Pewsey Vale is a locality east of the southern Barossa Valley in the western part of the Eden Valley of South Australia. It was first established as a sheep station pastoral run in the early years of the colony by Joseph Gilbert. Gilbert named his run Pewsey Vale in 1839 after the Vale of Pewsey in Wiltshire, England, where he was born. It was originally to be called Karrawatta, however this name was easily confused with the neighboring Tarrawatta.

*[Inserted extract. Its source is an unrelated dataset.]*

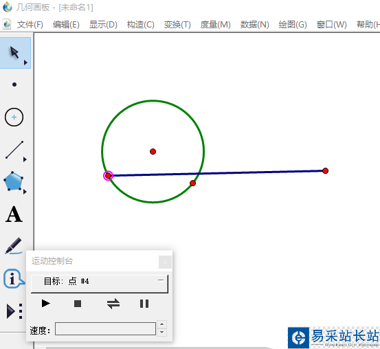 3、在狀態(tài)欄中點(diǎn)擊點(diǎn)的軌跡,可以觀察點(diǎn)p在圓上運(yùn)動。按運(yùn)動控制臺上的停止按鈕,則可停止。

Over the years, Gilbert planted grapevines and made wine, as well as running sheep at Pewsey Vale and other pastoral leases in the colony. The school and chapel were built by Gilbert in 1861, and the cemetery contains predominantly only Gilbert and his relatives.

The vineyards planted by William Gilbert were removed shortly after World War I. New vineyards were planted in the 1960s in conjunction with the Yalumba wine company.